Updated on June 1, 2017

Units Explained

Let's start by establishing a pattern.

  • There are 1000 milliseconds in a second; each millisecond is numbered from 0 (zero) to 999.
  • There are 60 seconds in a minute; each second is numbered from 0 (zero) to 59.
  • There are 60 minutes in an hour; each minute is numbered from 0 (zero) to 59.

See that all our units are zero-based. Our first unit in the numbering system is zero, and the last unit is always one less than the total number of units in the parent unit. Let's continue.

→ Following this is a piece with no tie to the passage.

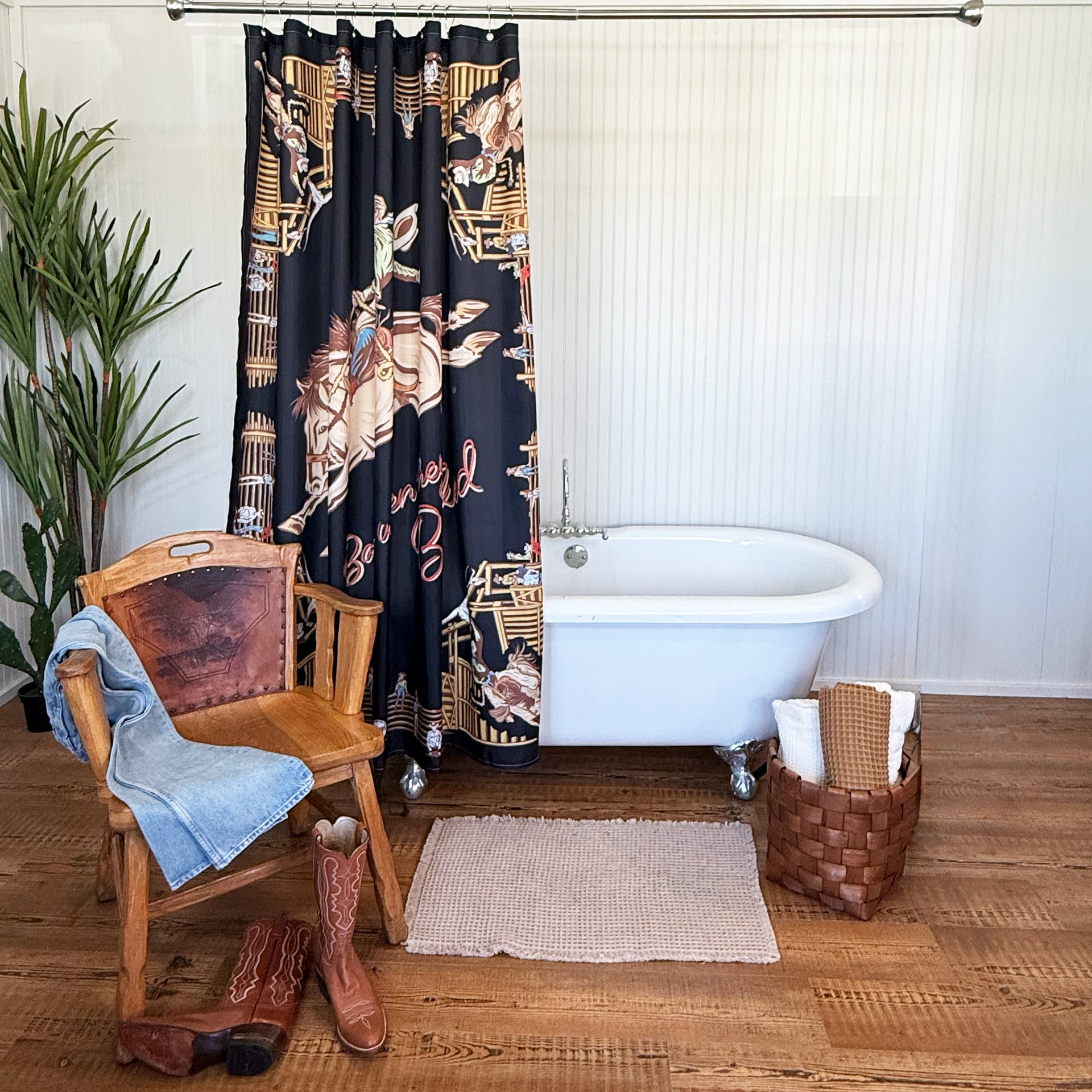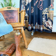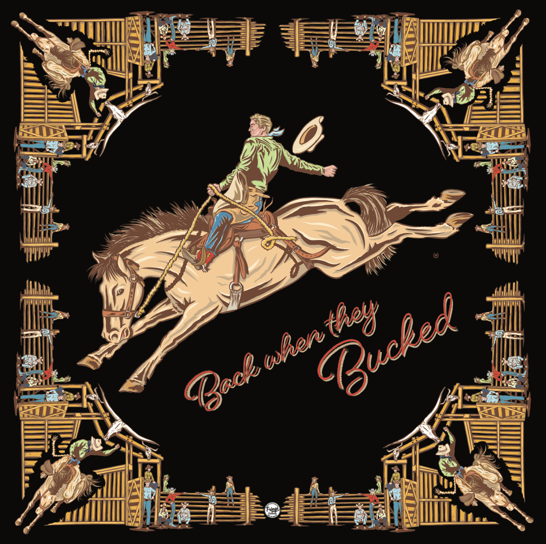 Back When They Bucked is a tribute to the rodeo’s golden era—think 1940s–50s bronc riders, bucking chutes, and mid-century swagger. With its hand-drawn details and classic composition, this scarf captures the spirit of a time when the arena was raw, rowdy, and full of glory. A must-have for collectors who appreciate tradition with bold style.
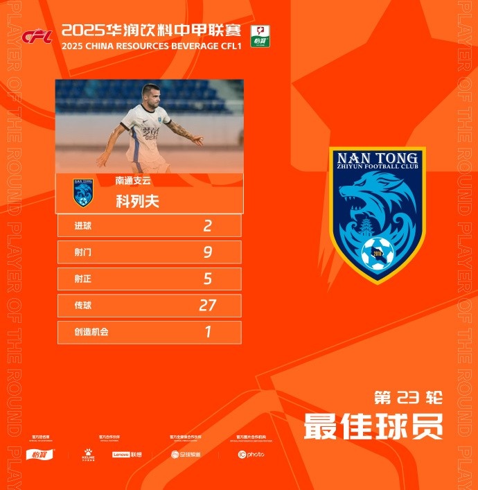 9月23日讯 中甲联赛第23轮最佳球员公布,南通支云的外援科列夫当选。

  • There are 24 hours in a day; each hour is numbered from 0 (zero) to 23.

Making Sense of Midnight

If you saw a time written down as "03:60" you would probably be in no doubt that something is fundamentally wrong. It makes no sense; there is no such time. Sixty minutes past three? We might hazzard a guess that the intended time might be "04:00", but because it breaks our standard convention we can't be sure. We automatically know that it is a mistake. After all, we never see the number 60 in the minutes part of our digital clock display.

Let's think about what we see when we look at a 24 hour clock. At 23:59:59 (59 minutes and 59 seconds past 11 o'clock at night) the time then changes to 00:00:00 (12 o'clock midnight). As the time changes to midnight, we also observe the date rolling over. We're at the start of a new day! In our zero-based numbering system, the first hour, minute and second (and millisecond etc, etc) of the day is zero. Subsequently, the last hour, minute and second of the day (as we discussed earlier) is one less than the total number of units in its respective parent unit. So, 23 hours, 59 minutes, 59 seconds, 999 milliseconds, etc, etc.


The correct 24-hour-clock notation for midnight is "00:00", which is the start of a new day and the exact moment the date changes. There can be no such time as "24:00" because this would require us to have 25 hour units (running from 0 to 24), which exceeds the number of hours in a day.